Step module
The step module tries to guess a descent direction and saves it in the state dictionary with the key 'direction'.
Classical steps
- GradientStep() only returns the opposite of the gradient
- NewtonStep() returns the traditional Newton step
The gradient step needs a line search, as well as the Newton one if the set of parameters is not close enough to the optimal set.
Conjugate gradient steps
- CWConjugateGradientStep() computes the Crowder-Wolfe conjugate gradient step
- DYConjugateGradientStep() computes the Dai-Yuan conjugate gradient step
- DConjugateGradientStep() computes the Dixon conjugate gradient step
- FRConjugateGradientStep() computes the Fletcher-Reeves conjugate gradient step
- PRPConjugateGradientStep() computes the Polak-Ribière-Polyak conjugate gradient step
- FRPRPConjugateGradientStep() computes the Polak-Ribière-Polyak conjugate gradient step with the Fletcher-Reeves modification
These conjugate gradient steps are generally used with the strong Wolfe-Powell rules, but the Polak-Ribière-Polyak algorithm can produce a direction that cannot be used with the Wolfe-Powell rules, although this step is more robust than the Fletcher-Reeves.

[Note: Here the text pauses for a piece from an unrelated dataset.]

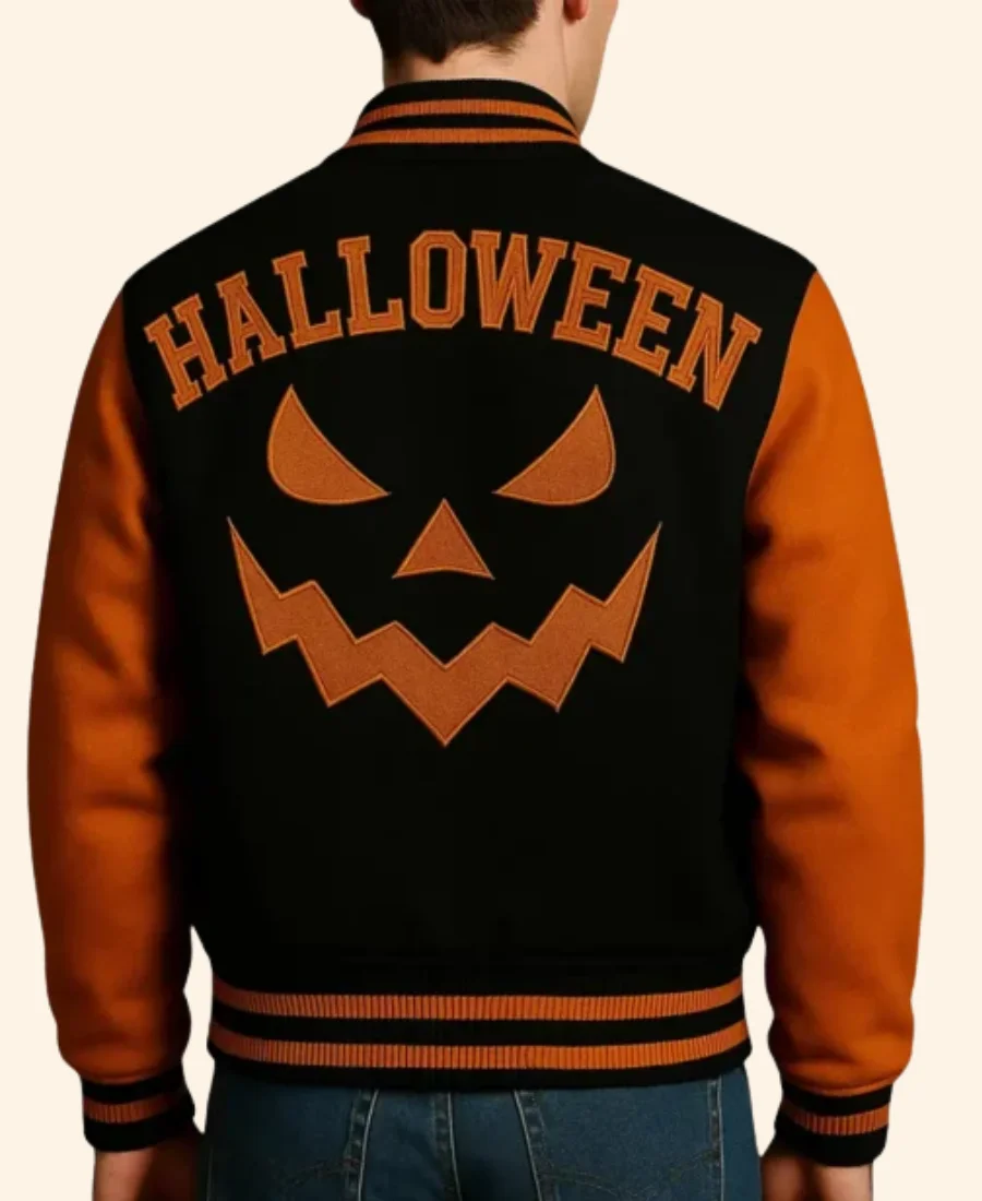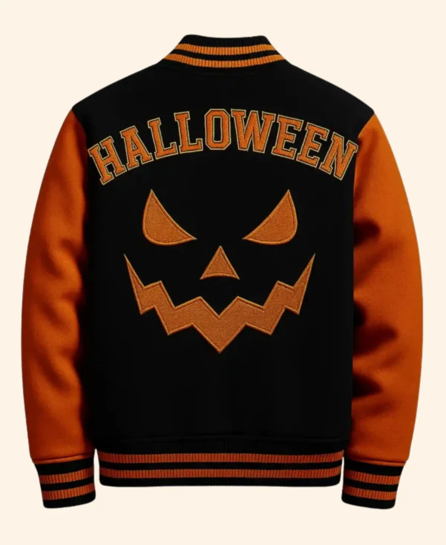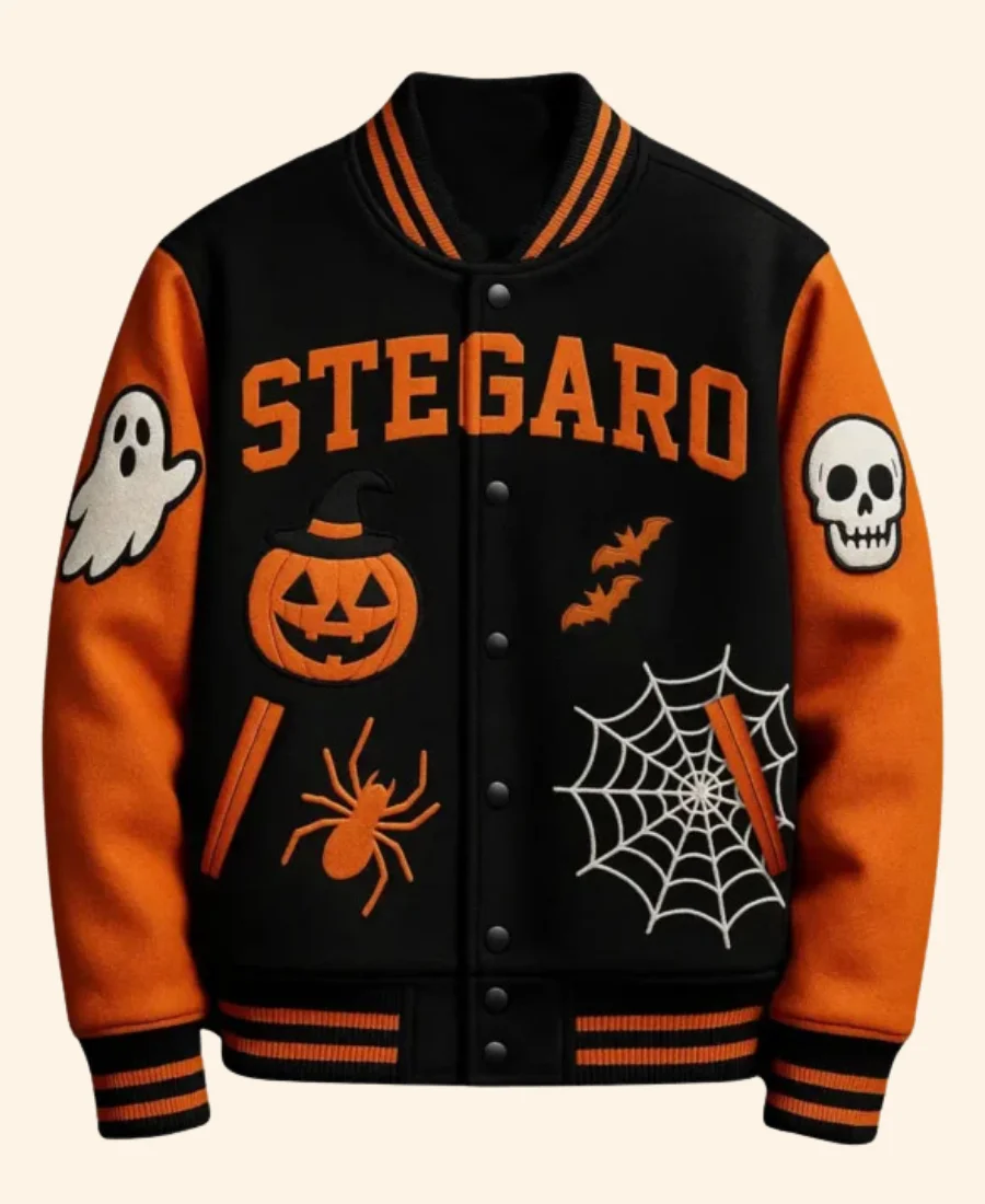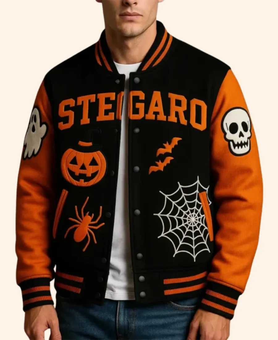 • Style: Halloween Pumpkin Stegaro Varsity Jacket

This lead to FRPRPConjugateGradientStep.
The Wrowder-Wolfe gradient suffers from the same limitation than the PRP gradient, but the Dai-Yuan one should be OK.
Quasi-Newton steps
- MarquardtStep(gamma, c1, c2) defines the Marquardt step, adding a diagonal matrix ( the diagonal is made of gamma) to the hessian before the inversion. If the function is lowered after an iteration, the gamma parameter is multiplied by c1 whereas it is multiplied by c2 is the opposite case (the actual gamma is stored in the state dictionary)
Here again, the string Wolfe-Powell rules are needed, although the Goldstein one can be used as well.
Decorators
- PartialStep(step, nb_chunks, indice = None) decorates another step and splits the set of parameters in nb_chnuks chunks. If indice is not provided, a random indice is chosen
- RestartConjugateGradientStep(step, iteration_period = 10) restart a conjugate gradient procedure every iteration_period. The Polak-Ribière-Polyak gradient does not need this as it is included in the formula. For the other conjugate gradient, this can speed up convergence.